I watched her for a time – her rough hands, a servant’s hands, clasped together in her lap. The dance of blood beneath the skin of her neck, quickening and slowing at the rise and fall of her breath. Her lips, thin and always slightly parted, always ready with a quick word, it seemed. I wondered what it would be like to kiss those lips.
Perhaps she saw those thoughts marked upon my face. ‘Olaf’s tolerance goes only so far,’ she said. ‘I must go. But come and find me again. We should speak more.’
I could not help but laugh. ‘Where does that boldness of yours come from, I wonder? Some famous ancestor?’
‘No. Perhaps my courage is the same as yours.’
‘You think I have courage?’
‘I do.’
‘And where does it come from?’
‘From one who has little to lose.’ She stood, and as if by accident, let the edge of her hand brush past my face. Cool skin, the edge of a nail biting for a moment against my cheek. Then she was away, disappearing into the crowd.

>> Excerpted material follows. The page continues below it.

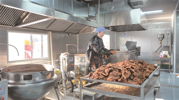 “我是洪山村地地道道的家庭妇女,寒冬农闲时来车间切肉、摆盘,一个月能挣1000多元,活儿也清闲。我们用的肉干净又卫生,欢迎大家前来品尝。”员工石灵秀说。

I called one last question after her. ‘Can you sing, Sigrid?’
‘Better than you.’ And she was gone.
I lay back on the grass and watched the clouds dance across the sky, and gave myself to thoughts of the future. I thought of the feel of her skin against mine, what it would be like to share warmth in the darkness. The way, at night, that a woman’s eyes shine like silver under candlelight. Then I thought of nothing at all.
Before long, I heard footsteps, soft through the grass. A shadow across the sun, and then a presence on the ground beside me. I knew who it was before I sat up, and we shared the silence together for a time.